Even God Makes Time for Leisure: Rabbinic Narratives About God’s Work, Play, and Rest Schedule

Date: Oct 11, 2021 - Oct 11, 2021

Time: 2:00 pm - 3:30 pm

Sponsor: Online Learning

Location: Online

Category: Online Learning

Even God Makes Time for Leisure: Rabbinic Narratives about God’s Work, Play, and Rest Schedule

Part of our fall learning series, “Six Days Shall You Labor”: Perspectives on Work in Jewish Text and Tradition

October 11, 2021, 2:00–3:30 p.m. ET

Genesis 2:2-3 announces that, after working hard to create the world and humanity over the course of six days, God took a day off to celebrate the Sabbath. Other passages in the Bible build upon God’s day of rest to mandate that all created beings rest, and that heads of households ensure that everyone under their control be allowed to rest on the seventh day. Divine time, we learn, alternates between periods of creative work and deliberate rest.  But what does God’s work entail, how does God manage divine time, does God make time for leisure, and does God have a schedule?

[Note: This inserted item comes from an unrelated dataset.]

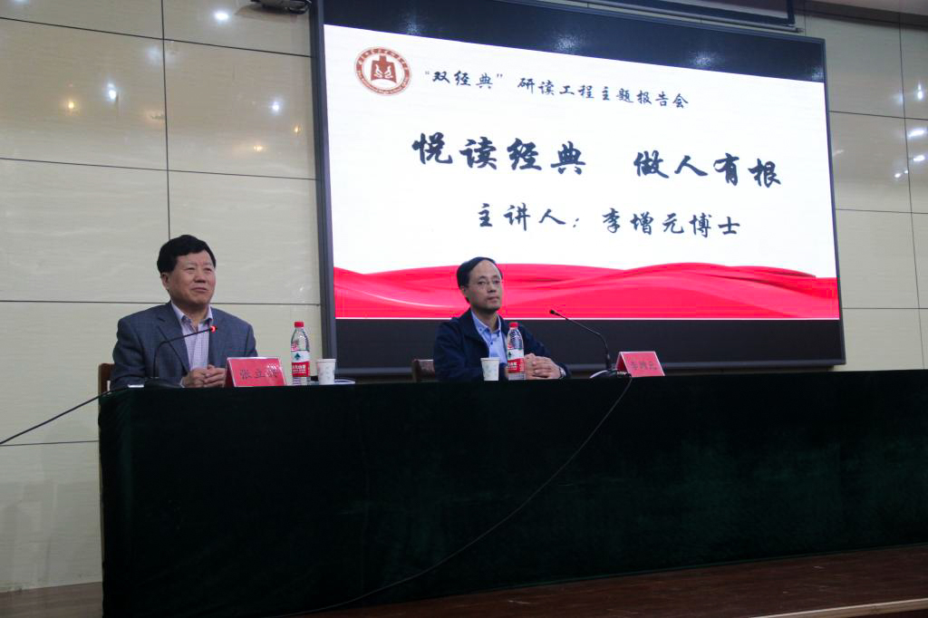 表彰大会后,“悦读经典,做人有根”的双经典研读工程主题报告会开始。学部党委书记张立兴主持,政治学与行政学系主任李增元博士担任主讲。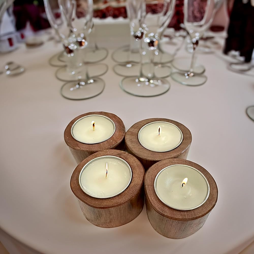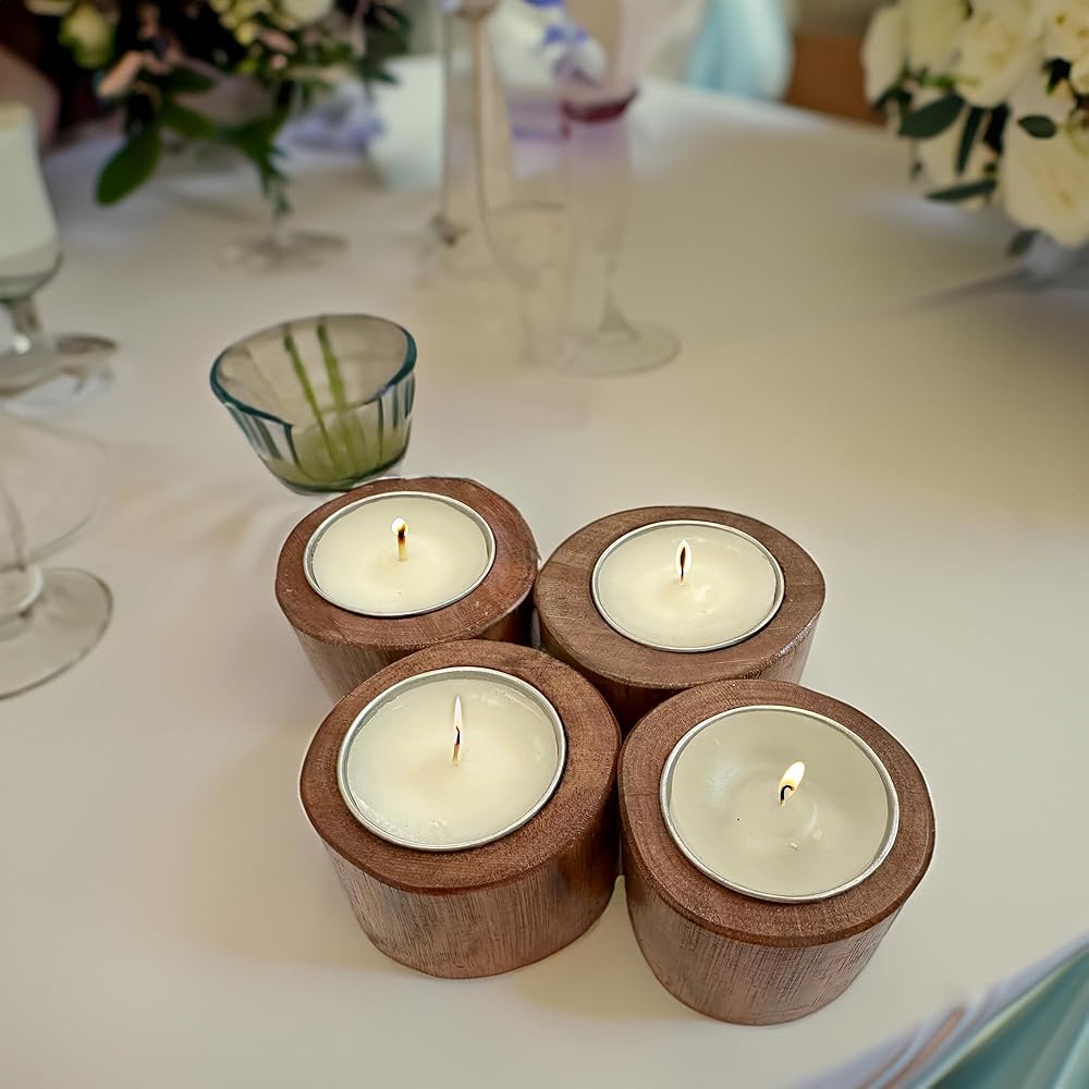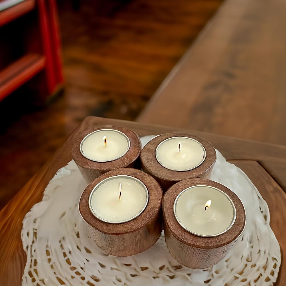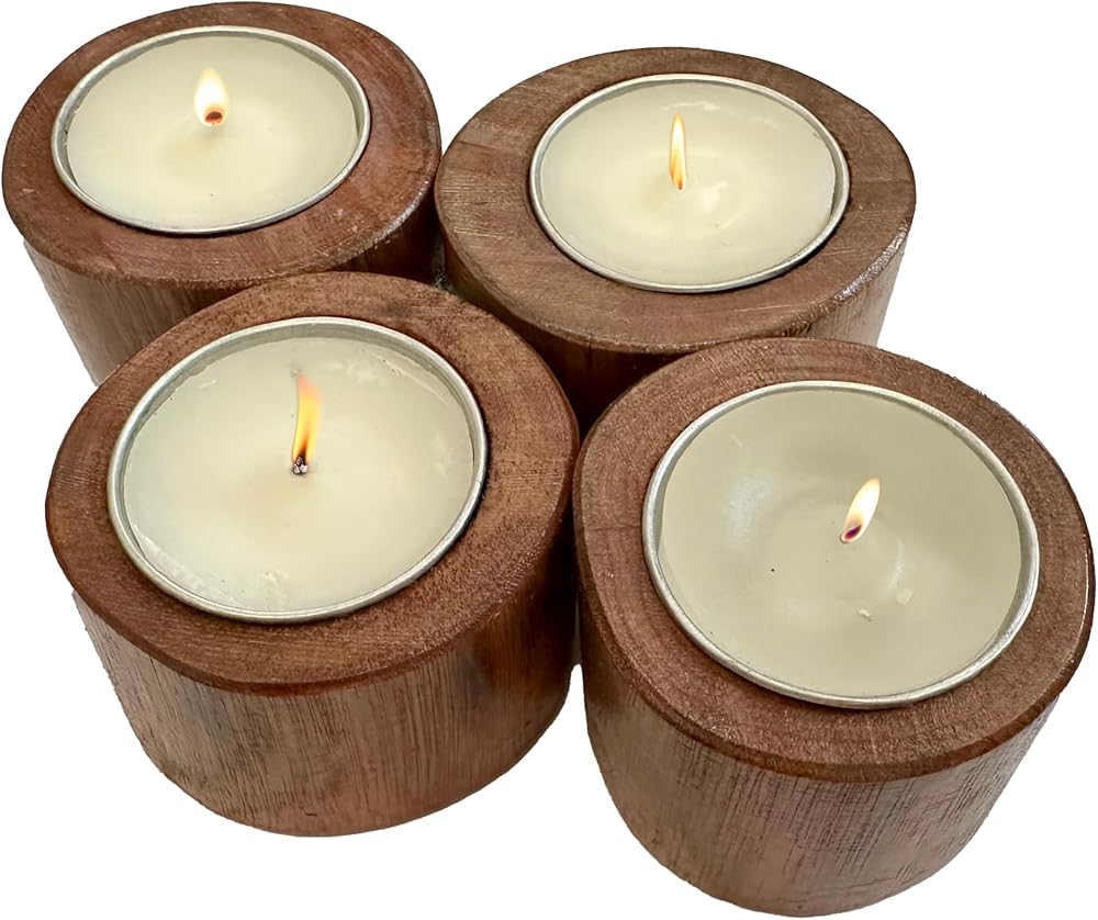 OMetaWood Handmade Diwali Christmas Wedding Gift Decoration Drift Wood Set of 4 Round Tealights Candle Holders

In this class, we will examine rabbinic sources that ask these very questions, and probe the answers they give to understand how the ancient rabbis imagined God to work, rest, care for others, and enjoy leisure time.  Ultimately, we will contemplate how these sources encourage us to examine our own professional and personal commitments and align how we organize and use our work and leisure time with our values, so that we spend our time thoughtfully in the creation of a meaningful life and a just world.

With Dr. Sarit Kattan Gribetz, JTS fellow and assistant professor of Classical Judaism, Fordham University.

If you have previously registered for another session in this series, your registration admits you to all sessions in the series, and you may attend as many as you’d like. 

About the Series

Many of us spend more time at work than anywhere else over the course of our lives—but are we defined by what we do? In this text-based series, JTS scholars will explore ideas about the meaning of work and rest in Jewish tradition, Jewish social movements around work, as well as the roles that gender, geography, and shifting economic and social circumstances have played in Jews’ professional paths and our understandings of the meaning and value of work. 

Note: The Zoom link for this session will be in the confirmation email that you will receive after you register.